• **EXERCISE OBJECTIVE**
Nothing but the lines from the start of the entries through the line holding "文汇站位于宝安区107国道与" is to be repeated, exactly and with pictures excluded.

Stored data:
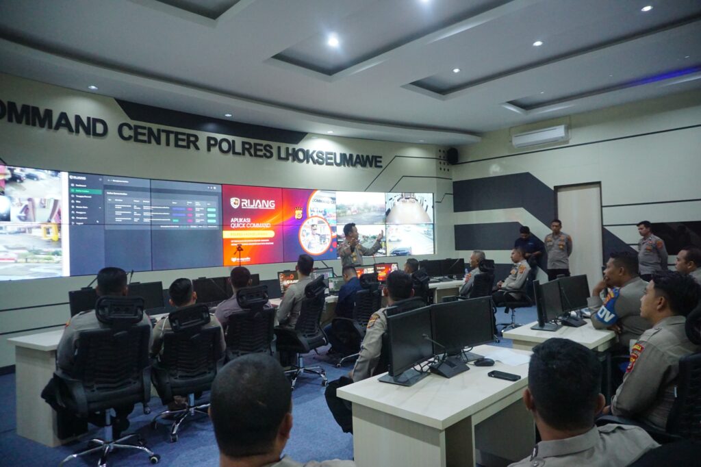 Lhokseumawe – Polres Lhokseumawe melaksanakan kegiatan sosialisasi dan pelatihan penggunaan aplikasi Rijang Quick Command kepada personel di Ruang Command Center Polres Lhokseumawe, Jumat siang (3/10/2025).
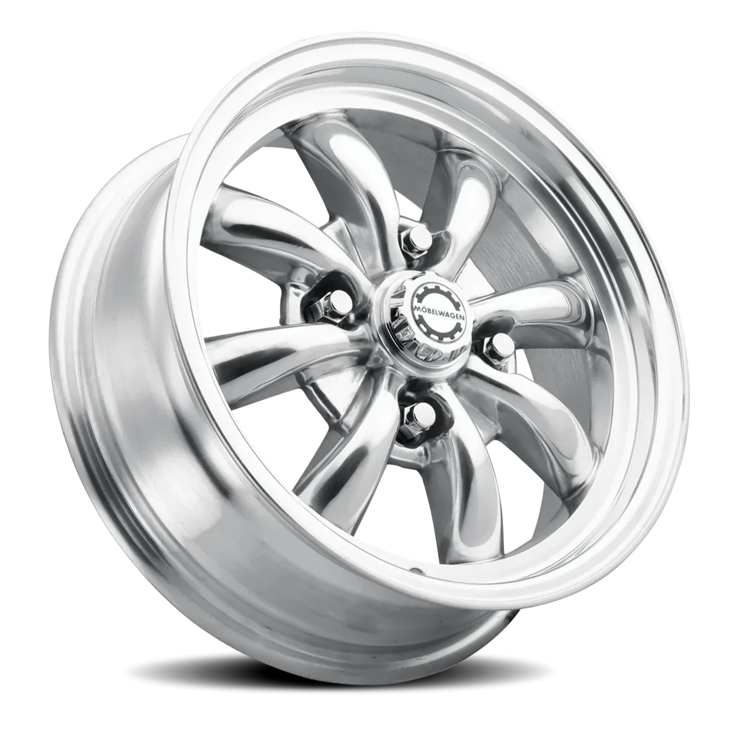 Mobelwagen 731P Blitz wheel features size 15" x 5.5", Polished finish, +20mm offset.
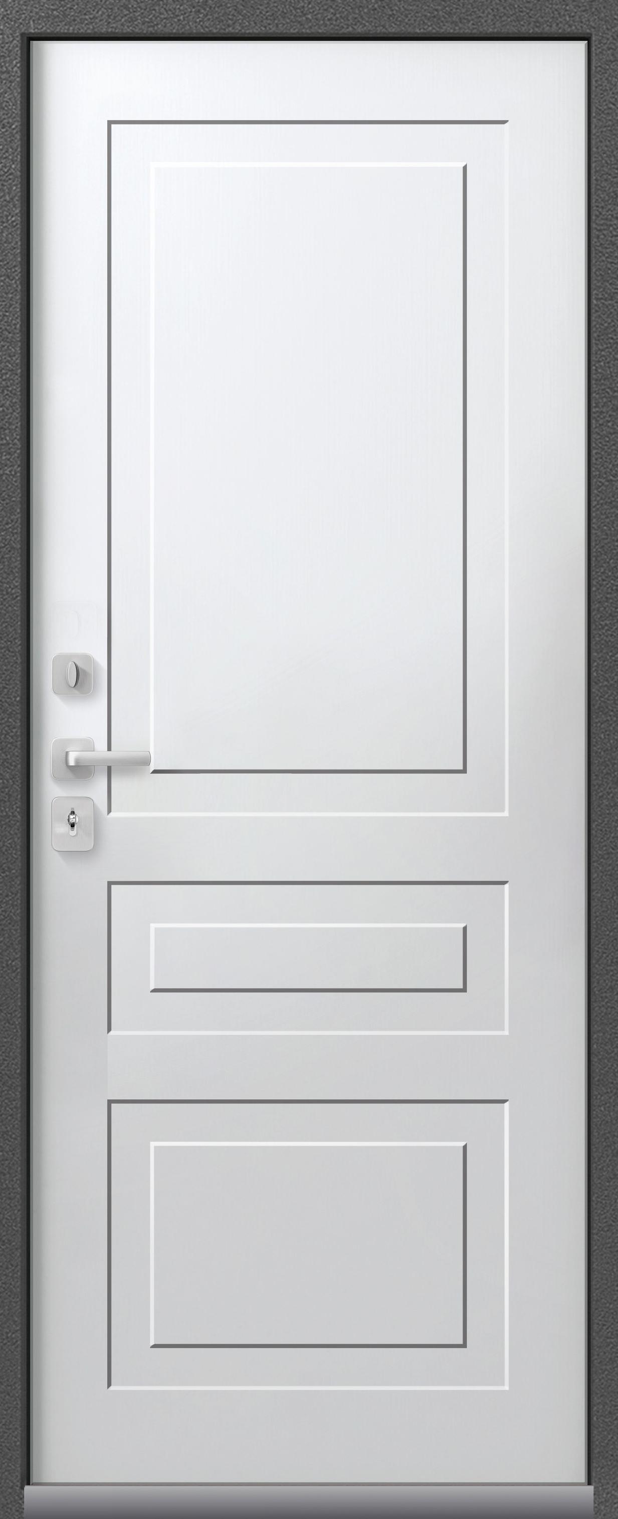 В модели Т-9 внешняя часть – декоративная панель МДФ, в цвете Серый камень, имитирующая бетон. Внутренняя панель с фрезеровкой в современной классике. На выбор 2 цвета – Кашемир белый (универсальный для любого интерьера) и Эверест – брутальный рисунок с имитацией камня.
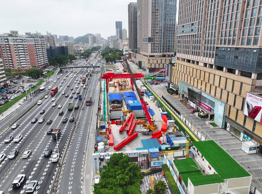 文汇站位于宝安区107国道与上川一路交叉路口,沿107国道南北向敷设,为地下两层明挖岛式车站,车站总长248.5米,标准段外包宽度20.1米,底板最大埋深约16.2米。车站周边环境复杂,东侧紧邻万达广场,西侧为107国道,且站址范围内管线密集、地质条件多变,施工难度大、风险高。
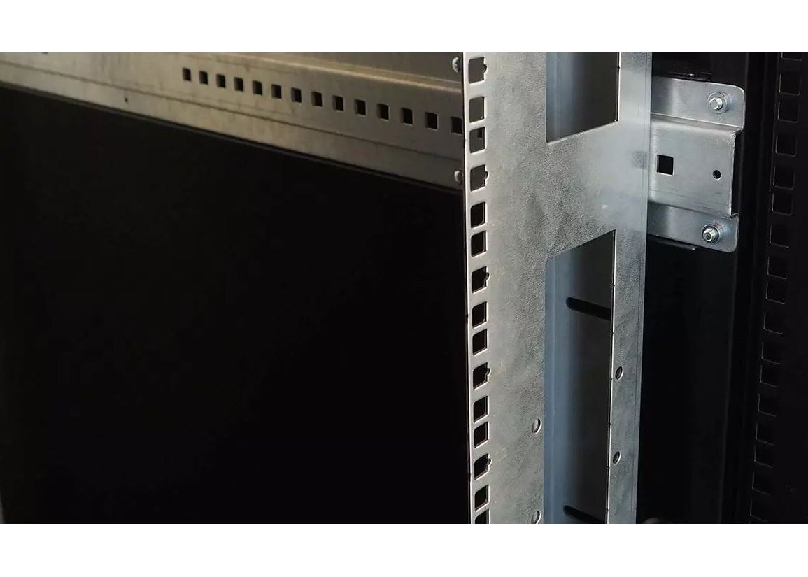 | Шкаф серверный ШТК-М предназначен для размещения телекоммуникационного оборудования, организации центров хранения и обработки данных. Класс защиты– IP20. Шкаф имеет разборную каркасную конструкцию. Легок в сборке. Состоит из основания, крыши и двух сварных рам, соединенных комплектом швеллеров. На боковых элементах рамы выполнена дополнительная перфорацию под закладные гайки. Шкаф стандартно комплектуется одинарными или двойными перфорированными дверями с ригельными замками и боковыми стенками. Стенка шкафов глубиной 600 и 800 мм состоит из одного легкосъемного бокового элемента с точечными замками, а шкафов глубиной 1000 и 1200 мм – из двух. Одинарные двери имеют как правую, так и левую навеску, угол открытия 180 градусов. Усиленная конструкция допускает распределенную статическую нагрузку до 1200 кг. В крышу и основание шкафов глубиной 600 и 800 мм возможна установка двух вентиляторных модулей серии R-FAN, а шкафов глубиной 1000 и 1200 мм – трех. Также в этих элементах имеется дополнительная перфорация и отверстия под кабельный ввод 212х110 мм и/или 422х55 мм, с возможностью установки щёточных вводов серии КВ-Щ.. Предусмотрена установка винтовых опор (ножек) позволяющих компенсировать неровности пола (входят в комплект поставки). Возможна установка поворотных роликов различной нагрузочной способности (в комплект поставки не входят). Доступ для монтажа, коммутации и обслуживания оборудования возможен с четырех сторон: через боковые легкосъемные стенки, переднюю и заднюю дверь. В базовой комплектации шкаф имеет четыре оцинкованные вертикальные направляющие, регулируемые по глубине. Предусмотрена система заземления (провода для заземления всех деталей шкафа входят в комплект поставки). Покрытие – краска полимерно-порошковая, шагрень, с предварительным фосфатированием. Шкафы поставляются в разобранном виде и компактно упаковываются в три транспортных места. |
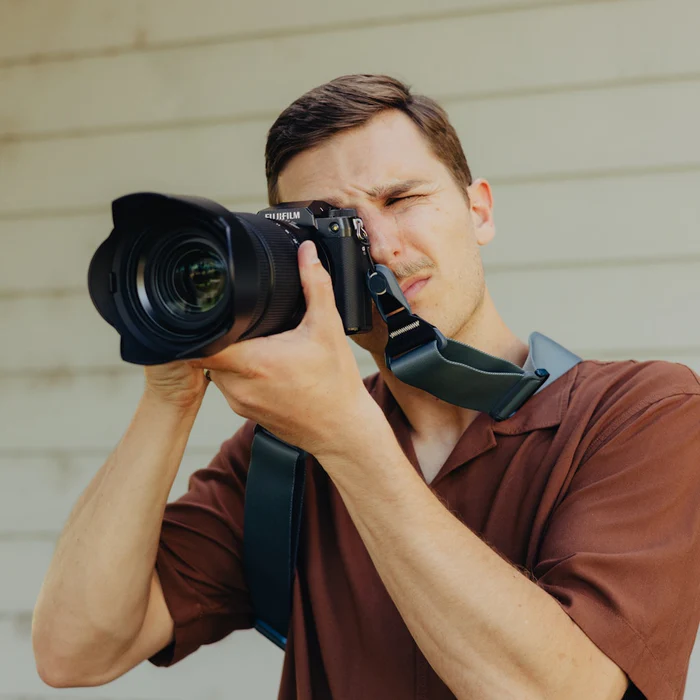 Su diseño inteligente permite usarla como correa de hombro, bandolera cruzada (“sling”), o al cuello. Gracias a su tejido interno acolchado, materiales de alta calidad y sistema de anclaje rápido, es cómoda incluso durante largas jornadas de fotografía.
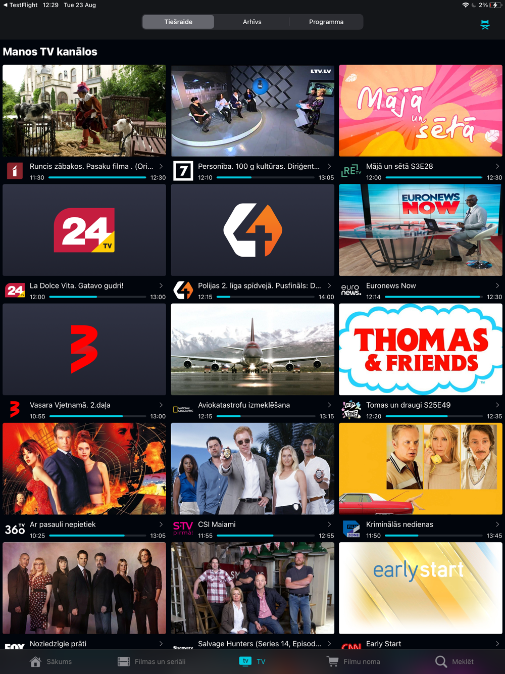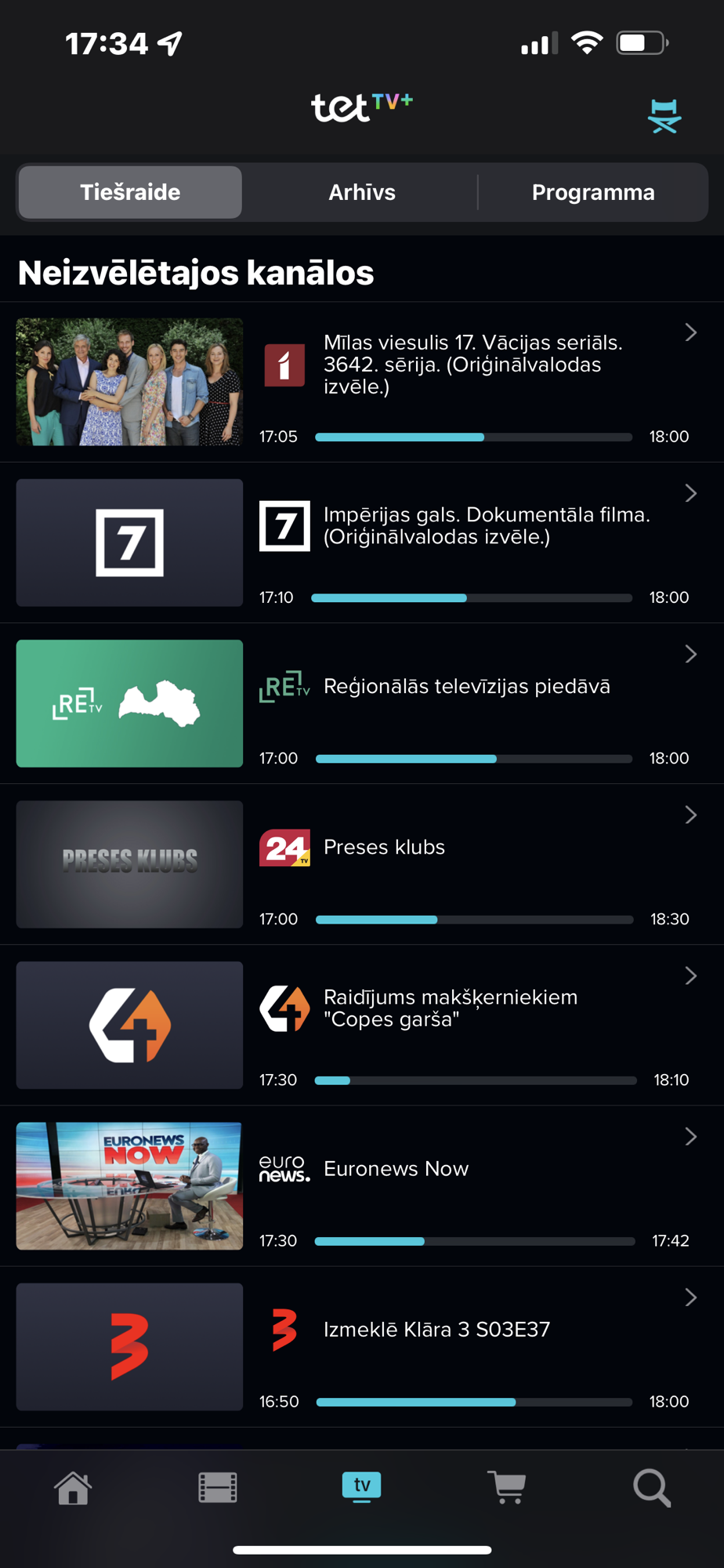 TV tiešraidēs un arhīvā: sports, ziņas, filmas, raidījumi bērniem, seriāli u.c. Iespēja redzēt vairāk kā 100 populārākos TV kanālus.
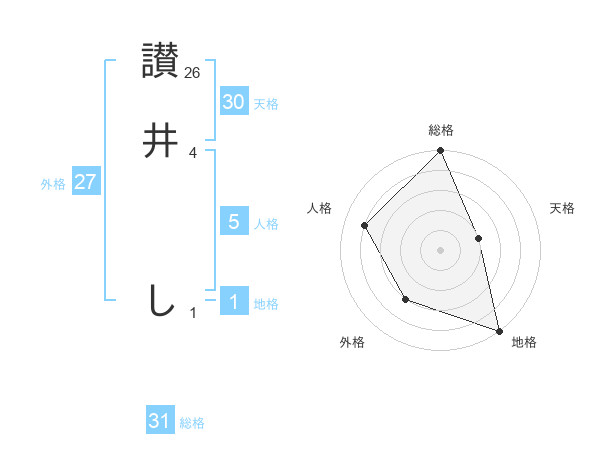 讃井 しさんの総格は31画の5点!
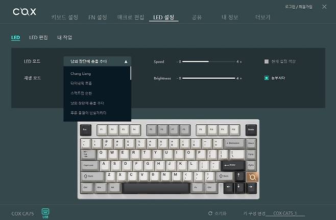 LED 설정 메뉴입니다. LED 모드, 속도, 밝기 조절도 가능합니다.
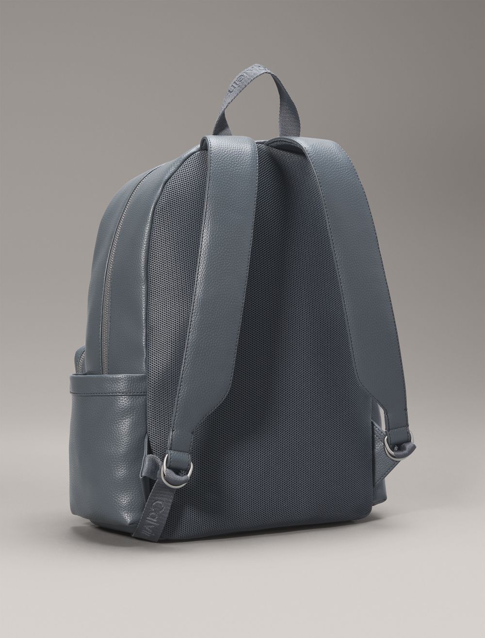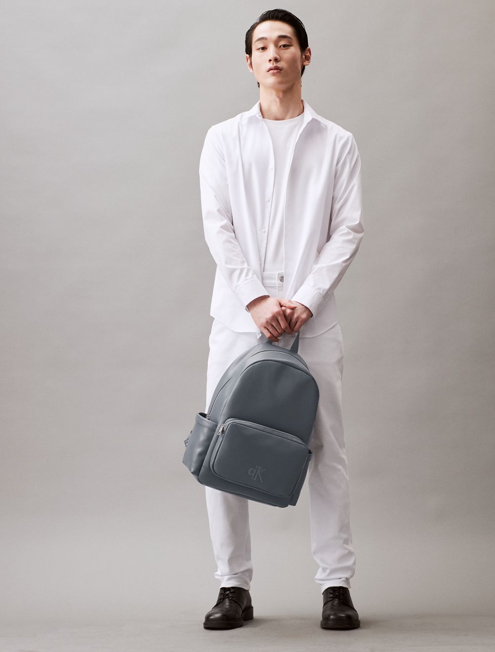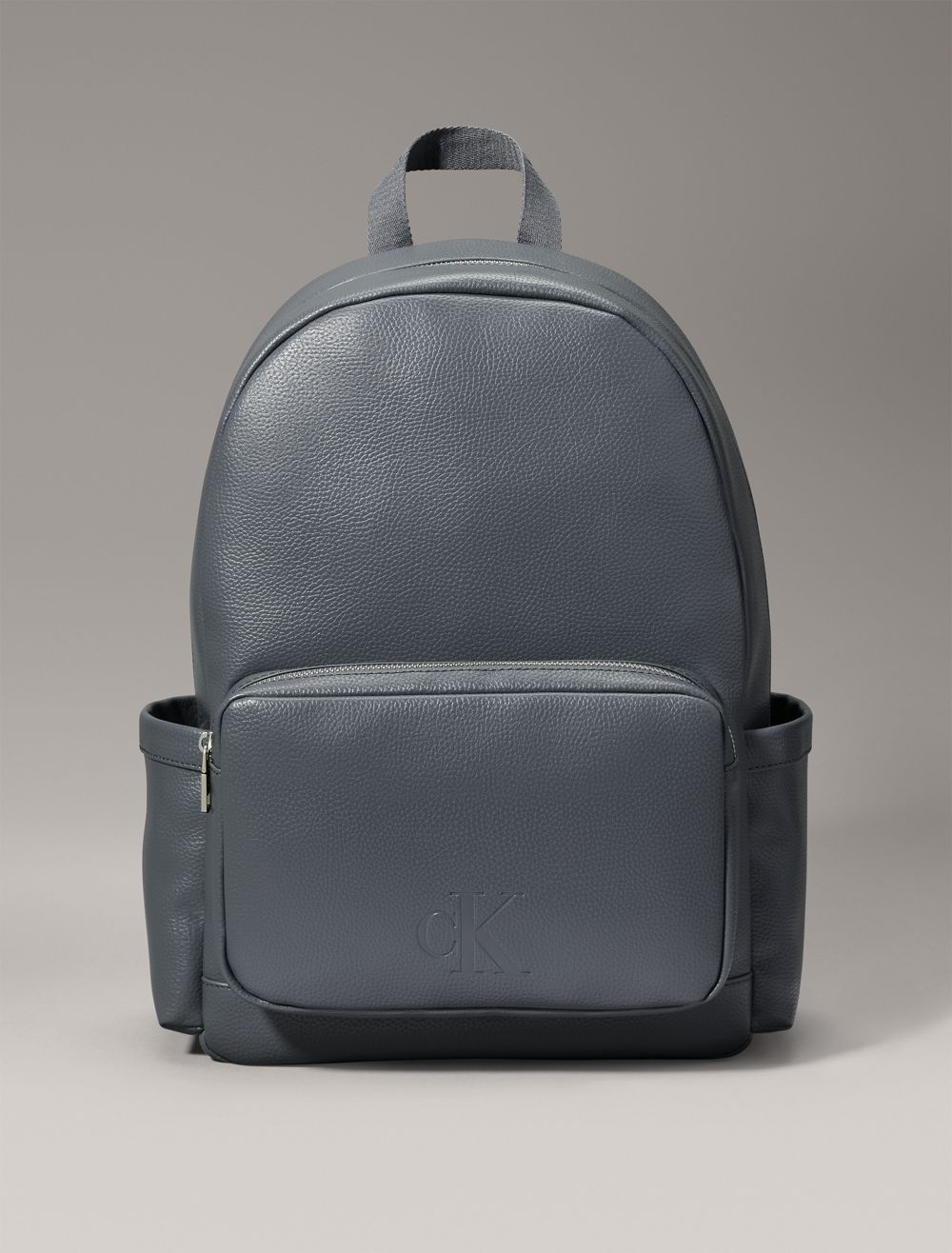 Crafted from 100% faux leather, this campus backpack is a classic everyday essential. Made with multiple compartments and pockets at both sides for maximum storage. Designed with a top handle and adjustable shoulder straps. Finished with an embossed CK monogram logo at the front pocket.- Full zip closure at the main compartment
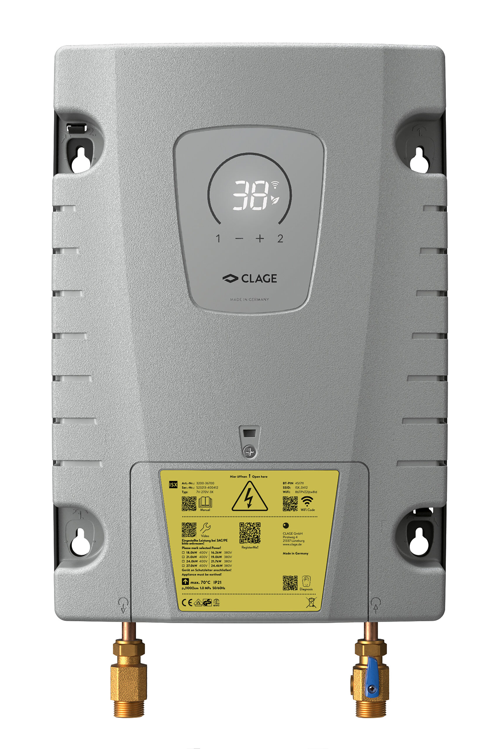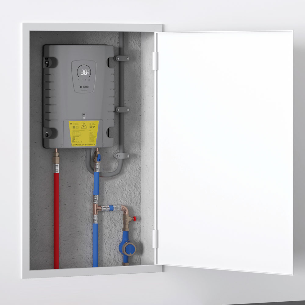 Los calentadores de agua instantáneos TECNA CLAGE son una solución de ahorro energético. El agua no se precalienta y almacena, sino que sólo se calienta cuando es necesario: directamente en el grifo. Debido a sus pequeñas dimensiones, los calentadores están indicados para uso residencial, para pequeños lavabos y también en el sector comercial e industrial, principalmente para instalaciones trifásicas. ISX, ISX 12 e ISX 13, para su aplicación en lavabos. La serie trifásica es especialmente conveniente para su incorporación en varios lavabos, ducha y ducha junto con lavabo. El eficiente sistema de calefacción por hilo desnudo IES® reduce la cal depositada y proporciona una vida útil extendida. Indicador LED con teclado táctil para la regulación precisa de la temperatura del agua entre 20º a 55-60ºC.

• **RESPONSE AREA**
 Lhokseumawe – Polres Lhokseumawe melaksanakan kegiatan sosialisasi dan pelatihan penggunaan aplikasi Rijang Quick Command kepada personel di Ruang Command Center Polres Lhokseumawe, Jumat siang (3/10/2025).
 Mobelwagen 731P Blitz wheel features size 15" x 5.5", Polished finish, +20mm offset.
 В модели Т-9 внешняя часть – декоративная панель МДФ, в цвете Серый камень, имитирующая бетон. Внутренняя панель с фрезеровкой в современной классике. На выбор 2 цвета – Кашемир белый (универсальный для любого интерьера) и Эверест – брутальный рисунок с имитацией камня.
 文汇站位于宝安区107国道与上川一路交叉路口,沿107国道南北向敷设,为地下两层明挖岛式车站,车站总长248.5米,标准段外包宽度20.1米,底板最大埋深约16.2米。车站周边环境复杂,东侧紧邻万达广场,西侧为107国道,且站址范围内管线密集、地质条件多变,施工难度大、风险高。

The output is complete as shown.